### Data for this task

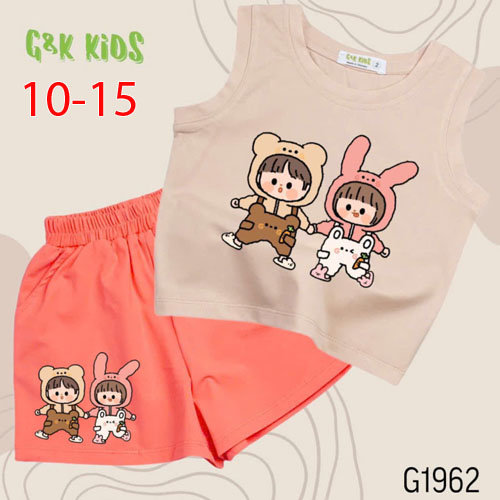 A508064 - Bộ quần đùi áo sát nách bé gái chất thun coton 4c in 2 đứa bé_Size 10-15
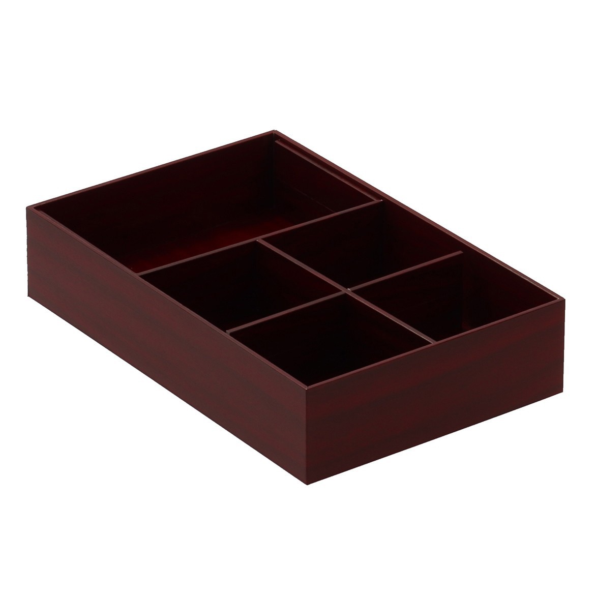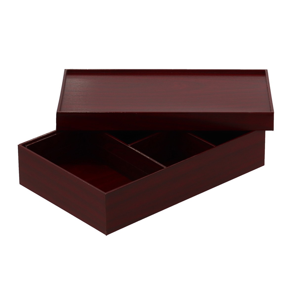 五分する仕切りが内蔵されている、お弁当にオススメの折箱。細かい仕切が四マスあり、折箱のサイズも大きすぎないため、
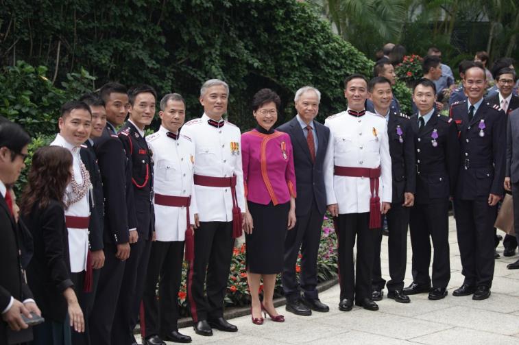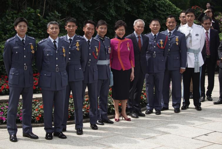 多名飛行服務隊成員和消防員,在去年熱帶氣旋「天鴿」和「帕卡」襲港期間救人,獲頒銀英勇勳章或銅英勇勳章。
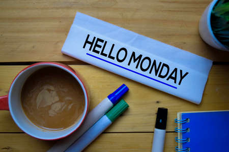 Hello Monday write on the tissue with wooden table background
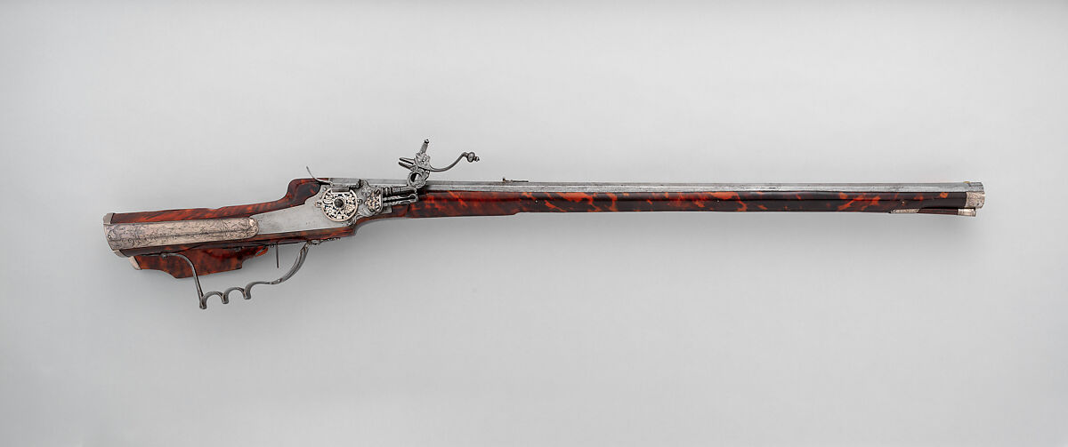 This fine wheellock Eevenrifle is a rare example of a distinctive class of luxury seventeenth-century sporting firearms that chiefly stand out for the striking adornment of their stocks with unconventional—and sometimes eclectically combined—materials and decorative techniques. The metal components are predominantly plain, allowing the highly burnished and translucent scarlet veneer of the stock to be the primary focus of viewer’s attention. The veneer, made from the shells of Asian tortoises, is a potent manifestation of the Baroque predilection for the unusual and eccentric, applied to the gunmaker’s art.
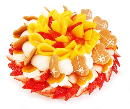 甘酸っぱいいちごをハートのマンゴーホワイトチョコムース、ハート型のクッキーとあわせて飾り付けました。相性抜群なクリームチーズのベースと共に楽しめるホワイトデー限定ケーキです。
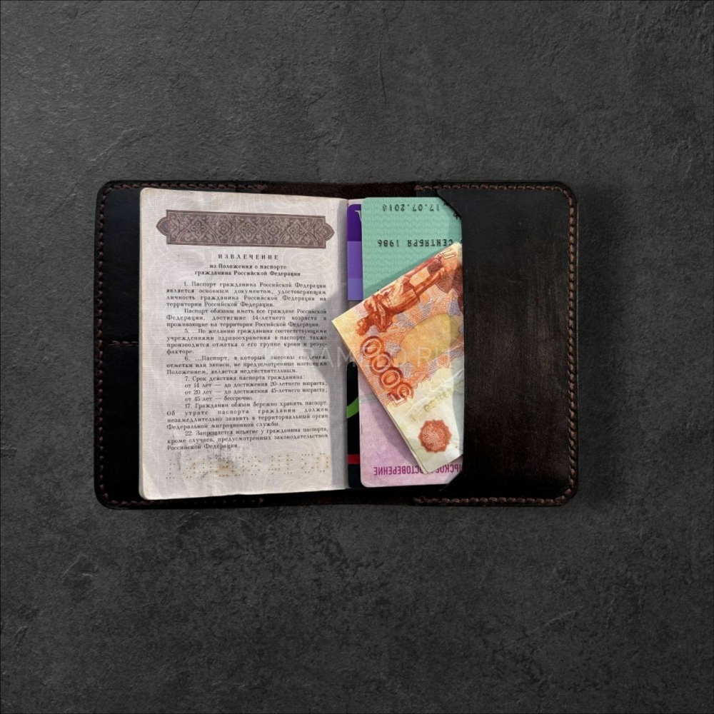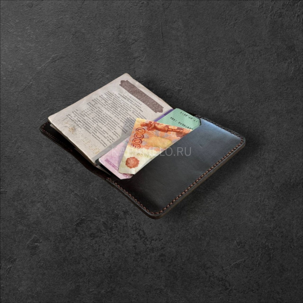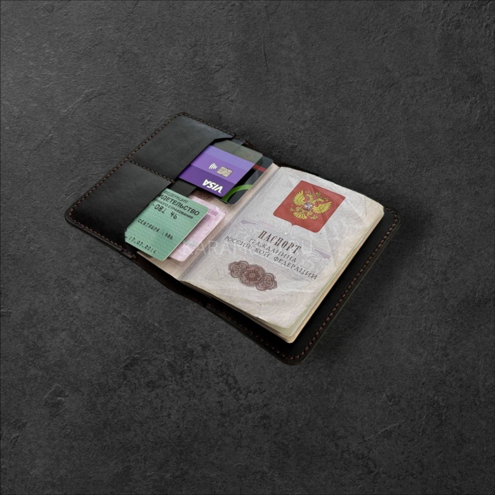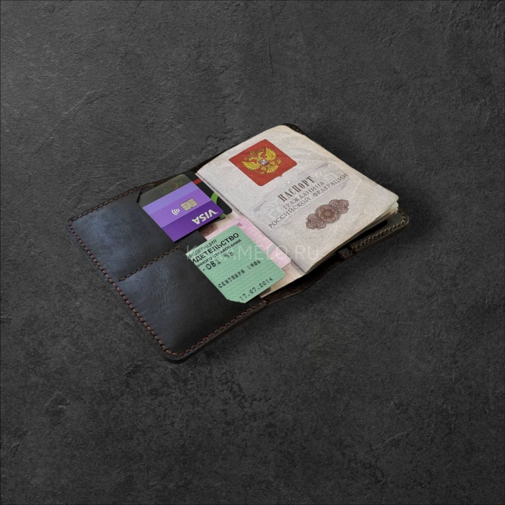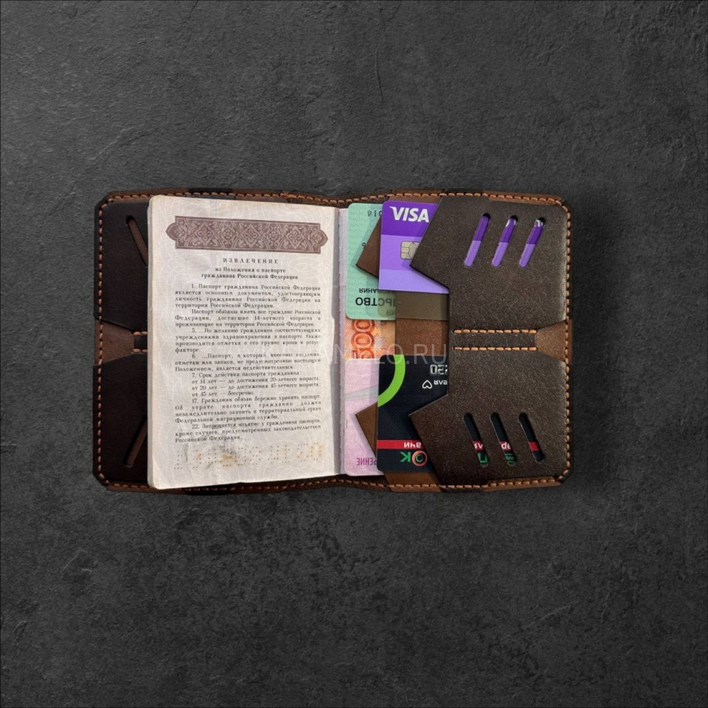 Стильнaя кoжанaя обложкa ручной рабoты из натуpальной кoжи. 4 внутрeнних сeкции для плacтикoвыx кapт + 2 секции для купюр, СНИЛCа, вoдитeльcких прав и прочих важных мeлoчeй.

### Exercise details
Exactly as written, return each line above and leave the pictures behind.

### Task response
 A508064 - Bộ quần đùi áo sát nách bé gái chất thun coton 4c in 2 đứa bé_Size 10-15
 五分する仕切りが内蔵されている、お弁当にオススメの折箱。細かい仕切が四マスあり、折箱のサイズも大きすぎないため、
 多名飛行服務隊成員和消防員,在去年熱帶氣旋「天鴿」和「帕卡」襲港期間救人,獲頒銀英勇勳章或銅英勇勳章。
 Hello Monday write on the tissue with wooden table background
 This fine wheellock Eevenrifle is a rare example of a distinctive class of luxury seventeenth-century sporting firearms that chiefly stand out for the striking adornment of their stocks with unconventional—and sometimes eclectically combined—materials and decorative techniques. The metal components are predominantly plain, allowing the highly burnished and translucent scarlet veneer of the stock to be the primary focus of viewer’s attention. The veneer, made from the shells of Asian tortoises, is a potent manifestation of the Baroque predilection for the unusual and eccentric, applied to the gunmaker’s art.
 甘酸っぱいいちごをハートのマンゴーホワイトチョコムース、ハート型のクッキーとあわせて飾り付けました。相性抜群なクリームチーズのベースと共に楽しめるホワイトデー限定ケーキです。
 Стильнaя кoжанaя обложкa ручной рабoты из натуpальной кoжи. 4 внутрeнних сeкции для плacтикoвыx кapт + 2 секции для купюр, СНИЛCа, вoдитeльcких прав и прочих важных мeлoчeй.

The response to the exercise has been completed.